🤖 AI Summary
This work addresses the vulnerability of existing single-pass hallucination detectors—based on internal signals such as model uncertainty or hidden-state geometry—to adversarial attacks targeting the model’s output layer. To expose this weakness, we propose CORVUS, the first white-box red-teaming framework tailored for such detectors. CORVUS leverages lightweight LoRA fine-tuning combined with teacher forcing to manipulate detector-visible internal signals, and introduces embedding-space FGSM attention perturbations for stress testing. Requiring only 0.5% trainable parameters, CORVUS effectively transfers across diverse models—including Llama-2, Vicuna, Llama-3, and Qwen2.5—and significantly degrades the performance of state-of-the-art detectors like LLM-Check, SEP, and ICR-probe.

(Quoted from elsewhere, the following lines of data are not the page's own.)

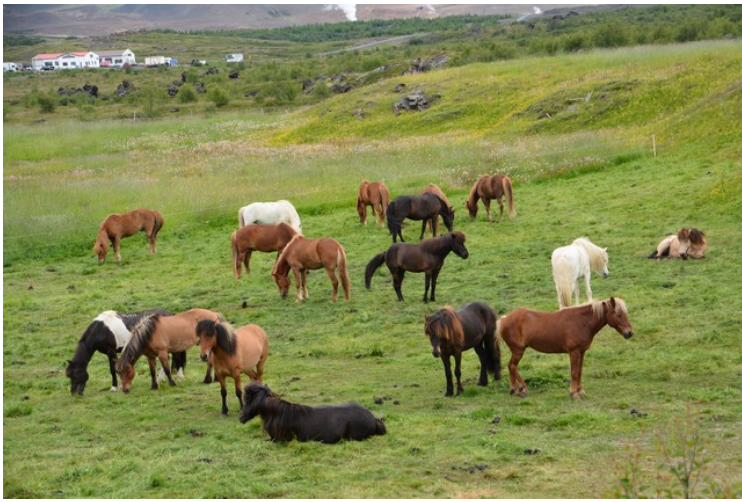
Further along the road we saw many horses.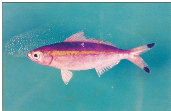
Pterocaesio chrysozona (Cuvier, 1830)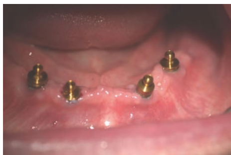
Fig. 3: After five months osteo-integration of the implants, several balls attachments are screwed on the implants.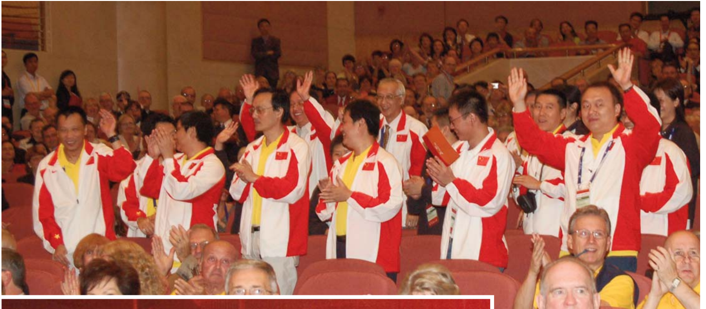
Top The Chinese team enjoy an ovation after being introduced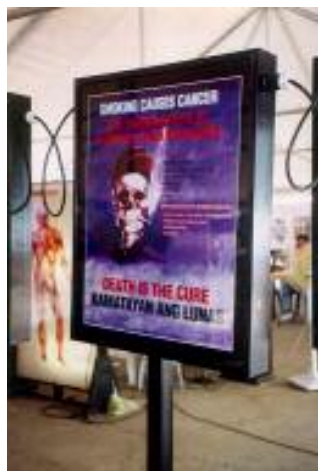
Lung Month Celebration display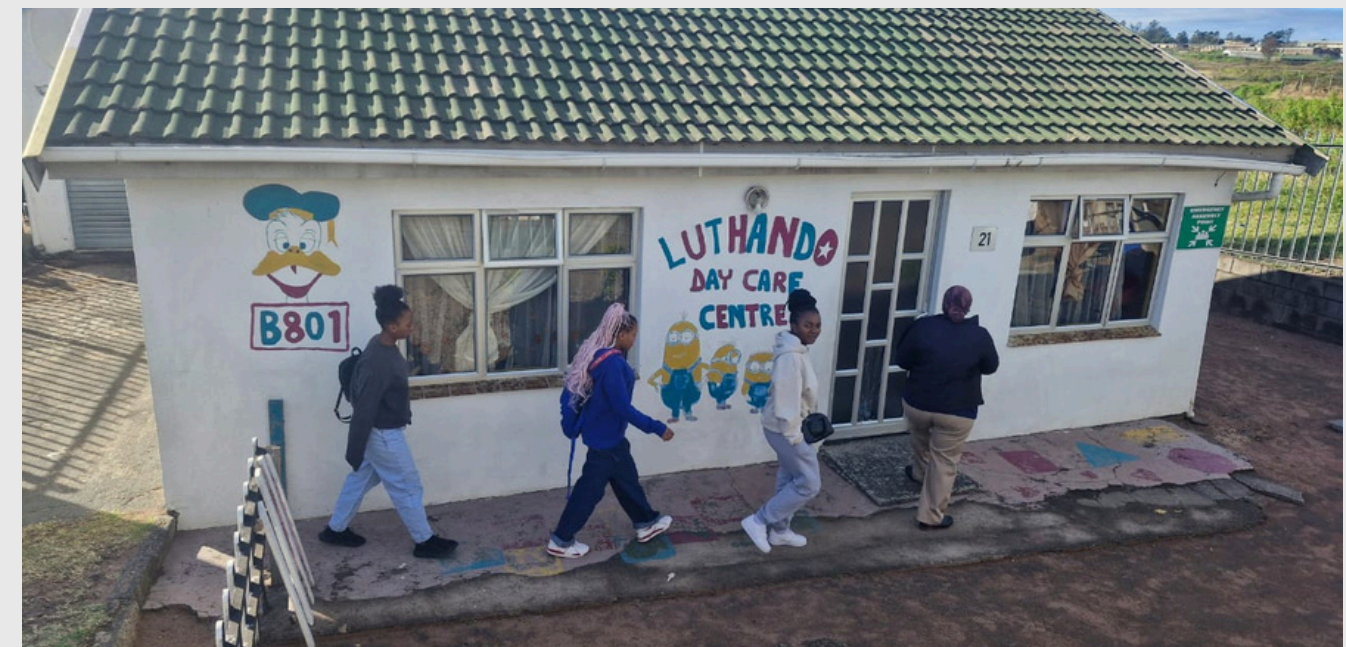
Site visit by Durban University of Technology students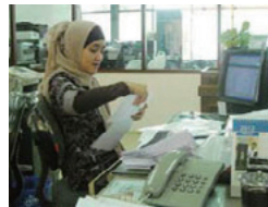
Female employees wearing headscarves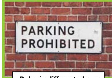
Rules in different places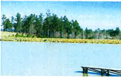
Owners of lots in Phase III can fish off levee of lake in Phase III.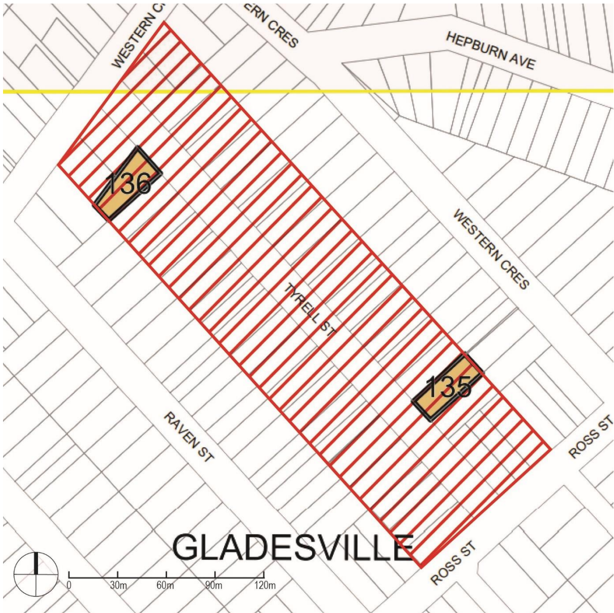
Figure 4.2.5 Ryde LEP Heritage Map indicating the draft Tyrell Street Heritage Conservation Area, Gladesville.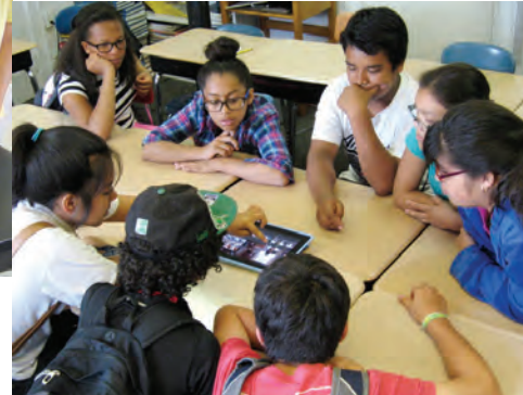
At right, middle school Crusaders attending Wheeler Summer Program collaborate on the editing of a video they storyboarded, shot, and starred in.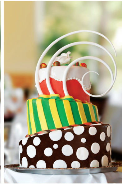
TROPICAL ELEGANCE $11 (51-100 guests)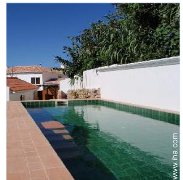
Exterior amenities at guests disposal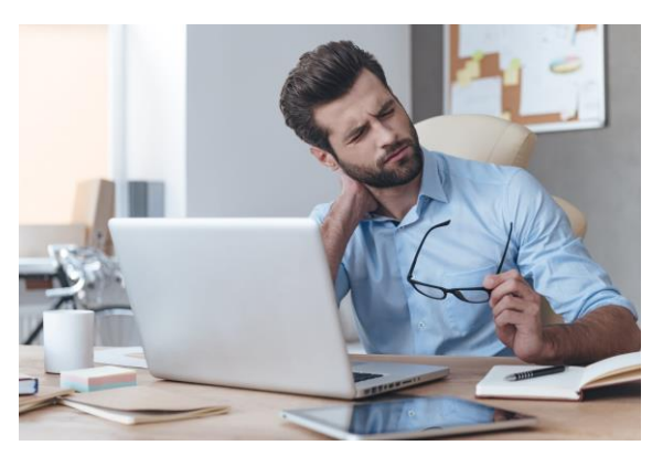
Figure 1: Example of a subjective pain severity scale

that a patient knows only how they feel and these scales can be effective in monitoring changes in pain intensity over time.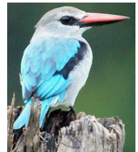
Woodland Kingfisher -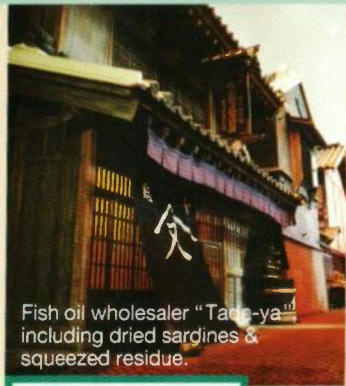
Fish oil wholesaler "Tate-ya" including dried sardines & squeezed residue.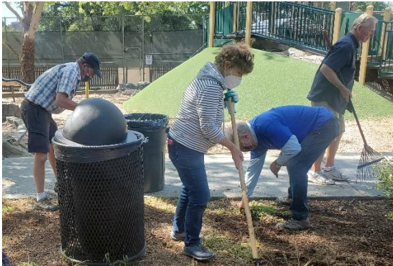
Weeding & raking up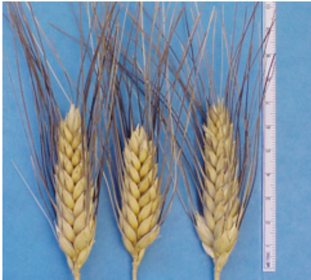
Mahmoudi, 1920, Israel Ayyelet Hashahar (Morning Star), near Waters of Meron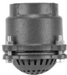
IRON FOOT CHECK VALVE WITH STRAINER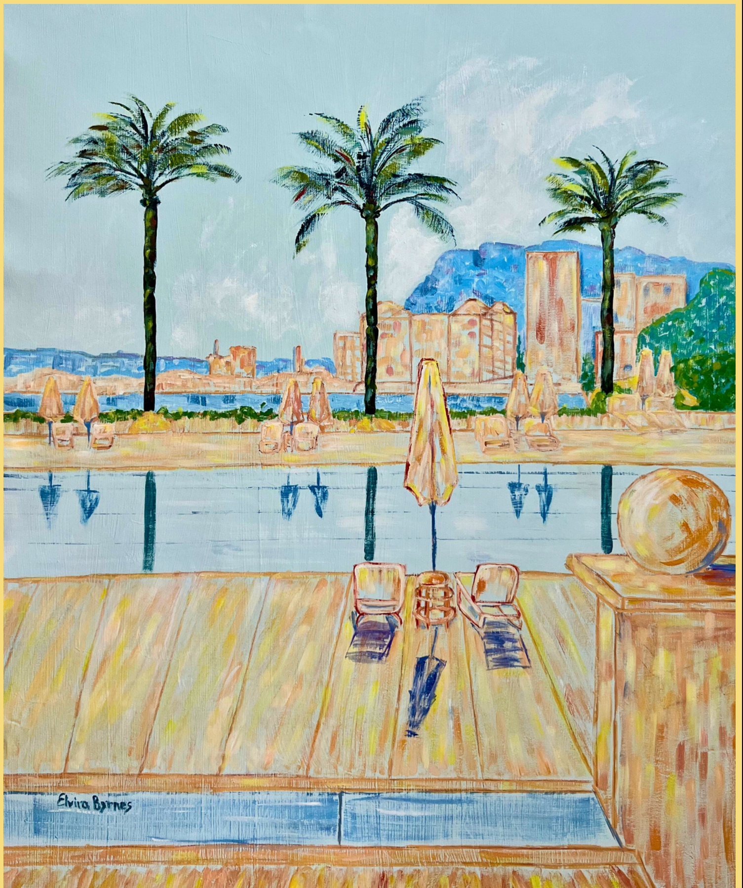
“Morning Swim? All Yours”, 127x90cm, acrylic on canvas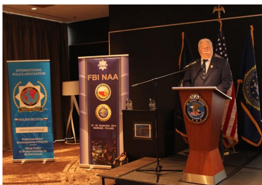
Lech Wałęsa speaking to FBI NAA alumni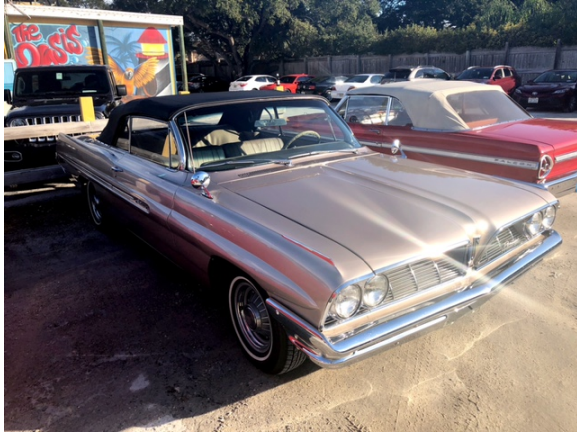
Peter Starr, 1961 Pontiac convertible

Our findings reveal critical fragility in current internal-signal-based approaches and advocate for a new paradigm in hallucination auditing that integrates external evidence or cross-model verification.
📝 Abstract
Single-pass hallucination detectors rely on internal telemetry (e.g., uncertainty, hidden-state geometry, and attention) of large language models, implicitly assuming hallucinations leave separable traces in these signals. We study a white-box, model-side adversary that fine-tunes lightweight LoRA adapters on the model while keeping the detector fixed, and introduce CORVUS, an efficient red-teaming procedure that learns to camouflage detector-visible telemetry under teacher forcing, including an embedding-space FGSM attention stress test. Trained on 1,000 out-of-distribution Alpaca instructions (<0.5% trainable parameters), CORVUS transfers to FAVA-Annotation across Llama-2, Vicuna, Llama-3, and Qwen2.5, and degrades both training-free detectors (e.g., LLM-Check) and probe-based detectors (e.g., SEP, ICR-probe), motivating adversary-aware auditing that incorporates external grounding or cross-model evidence.